In terms of training, the MHT is solely focused on mental health matters. At present it receives input from organisations providing advisory services enabling the tribunal to provide a service which is focused on the care and treatment of the patients who come before the tribunal. The tribunal members would require training on financial matters and the different requirements of the AWI legislation and UNCRPD.

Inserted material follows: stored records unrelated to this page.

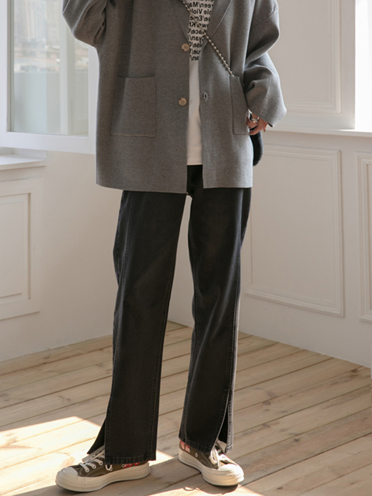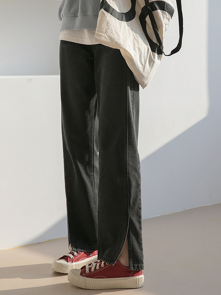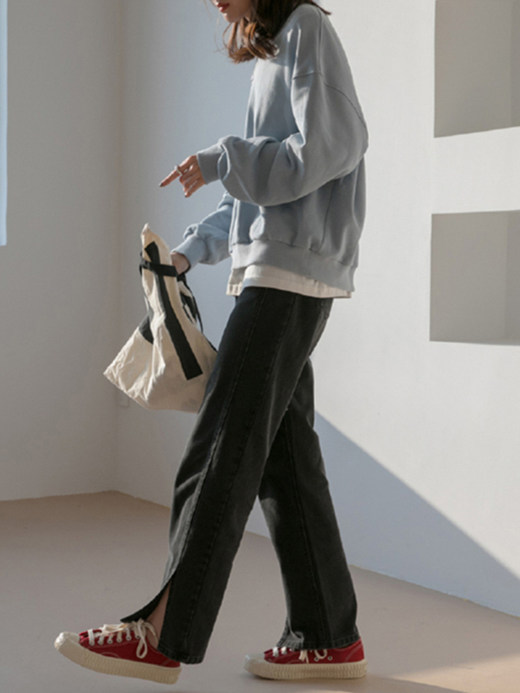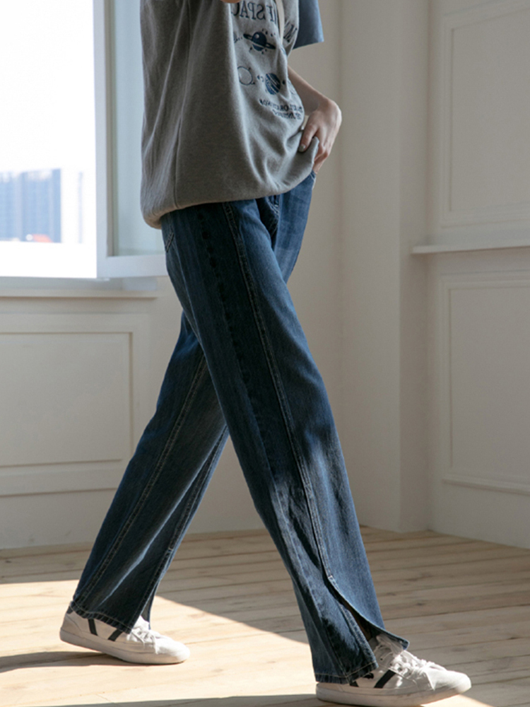 Pear-shaped figure wears large size slit denim pants fat sister mm high waist straight wide leg slit cropped pants trendy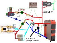 Witam jestem po rozmowie z instalatorem który robił mi instalację, twierdzi że temperatura powrotu do kotła 30 stopni wiele nie szkodzi dla żywotności kotła, bo pale suchym miałem i na piecu mam 60-70 stopni i jak woda z powrotu wraca do kotła i zmiesza się z tą w kotle to i tak jest wysoka wiec korozja nie grozi, jeżeli chodzi o oszczędności związane podniesieniem temperatury powrotu to po zmianch byłyby bardzo niewielkie i nie adekwatne do kosztów przeróbek. Ale jeżeli chce to żaden problem i mi to przerobi, uważa jednak że na grawitacji to raczej niema szans żeby to pracowało bo to dom parterowy i wszystko na jednym poziomie także tylko i wyłącznie dodatkowa pompka. Jeżeli chodzi o CWU to mówi że raczej niemożliwe żeby woda się cofała (pomimo braku zawrotu zwrotnego) do kotła bo rury idą w dół w podłogę, a pompa raczej nie przepuści. Jeśli chce przerobienia to on proponuje dwa rozwiązania: 1. Pompa na powrocie do kotła zaraz przy wejściu do pieca 2. Takie jak Guitar proponuje, tzn. wpięcie w zasilanie (przed zaworem 4d) i wpięcie w powrót zaraz przy wejściu do pieca Oczywiście ja nie wstawiłem zaworów zwrotnych, odcinających itp. zrobiłem tylko rysunek poglądowy gdzie mogłaby być pompa Co o tym wszystkim sądzicie ??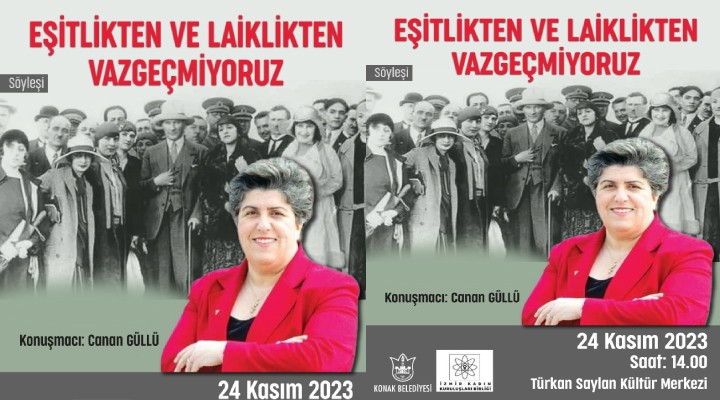 Kadına Yönelik Şiddete Karşı Uluslararası Mücadele Günü etkinlikleri kapsamında, Türkiye Kadın Dernekleri Federasyonu Başkanı Canan Güllü, “Eşitlikten ve Laiklikten Vazgeçmiyoruz” başlığı altında bir söyleşi gerçekleştirecek. 24 Kasım tarihinde yapılacak söyleşi Türkan Saylan Kültür Merkezinde saat 14.00’te başlayacak. Söyleşi öncesi ise Türkan Saylan Kültür Merkezi önünde, Konak Belediye Başkanı Abdül Batur ve 109 kadın sivil toplum kuruluşu temsilcisinin katılacağı bir basın açıklaması gerçekleştirilecek.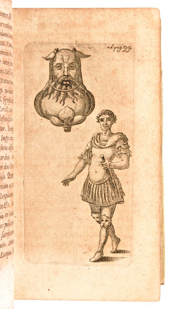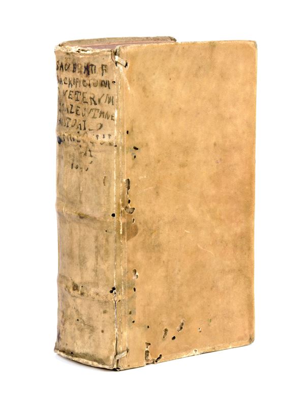 Johannis Sauberti F. De sacrificiis veterum conlectanea historico-philologica, et miscella critici. Jenae, impensis Matthaei Birckneri, excudit Samuel Krabsius, 1659. Latin text. With 4 plates engraved in intaglio. Woodcut drop caps.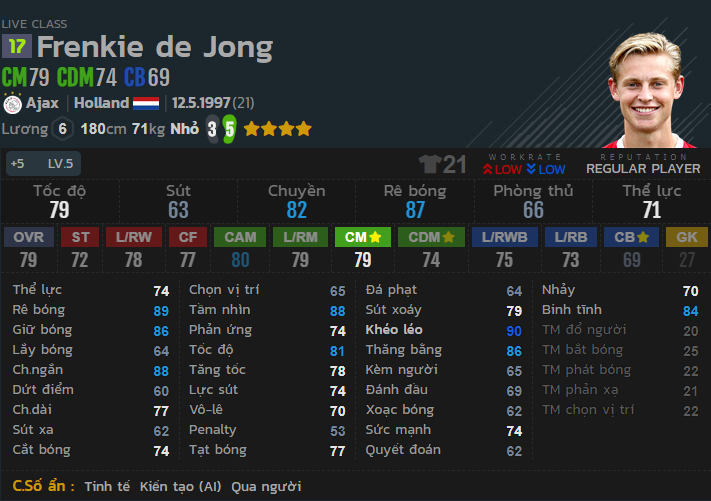 Được các đại gia hàng đầu săn đón như Man U, Man C, Barcelona. De Jong trong game thể hiện độ hiệu quả tương đối cao đối với vị trí tiền vệ. Khả năng giữ vị trí và hỗ trợ phòng ngự cũng như tấn công là khá tốt. Đặc biêt là De Jong khá mạnh về khoản cầm bóng và điều tiết lối chơi. Đây sẽ là vị trí cốt lõi cho lối chơi 4-3-3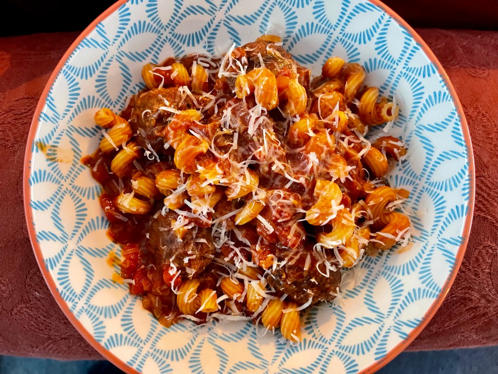 - Add the pasta and cooked meatballs. Pop in the oven for 20 minutes.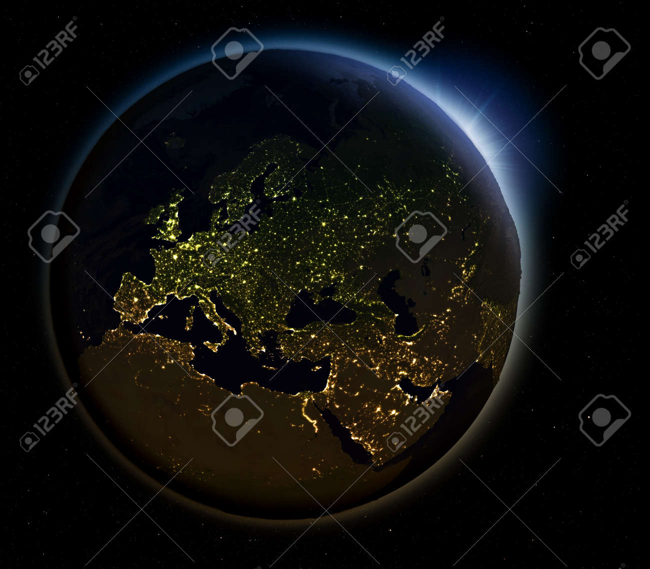 Sol Que Se Levanta Sobre Europa En El Planeta Tierra Visto Desde El Espacio Ilustracion 3d Con Luces Reales De La Ciudad Iluminando La Superficie Fotos Retratos Imagenes Y Fotografia De Archivo

In the event of AWI matters remaining within the court system, we would anticipate additional training being provided for sheriffs on the requirements of the UNCRPD and how best to facilitate those requirements within the court system. The Judicial Institute which provides training for the judiciary has a well established reputation for not just legal training but specific skills training required for the judiciary such as court and case management, and has developed modules on matters such as diversity awareness and equal treatment so would be well placed to provide such training.


As mentioned in chapter 2, as part of the consultation process we will be gathering information to enable us to fully assess the costs of the proposals within the consultation, including of course costs that would be involved in changing sheriff court practice to reflect the requirements of amended AWI legislation, or costs incurred in transferring AWI cases to the MHTS, and the changes that would be subsequently required to that tribunal.


Which of the following options do you think would be the appropriate approach for cases under the AWI legislation?

Office of the Public Guardian considering grade 1 applications, a Sheriff in chambers considering grade 2 applications on the basis of documents received, then a Sheriff conducting a hearing for grade 3 applications.


Office of the Public Guardian considering grade 1 applications, with a legal member of the Mental Health Tribunal for Scotland considering grade 2 applications on the basis of the documents received, then a 3 member Mental Health Tribunal hearing grade 3 applications.

Please give reasons for your answer.

Please also give your views on the level of scrutiny suggested for each grade of guardianship application.

If you have any further comments on the proposals for the forum, please add them here.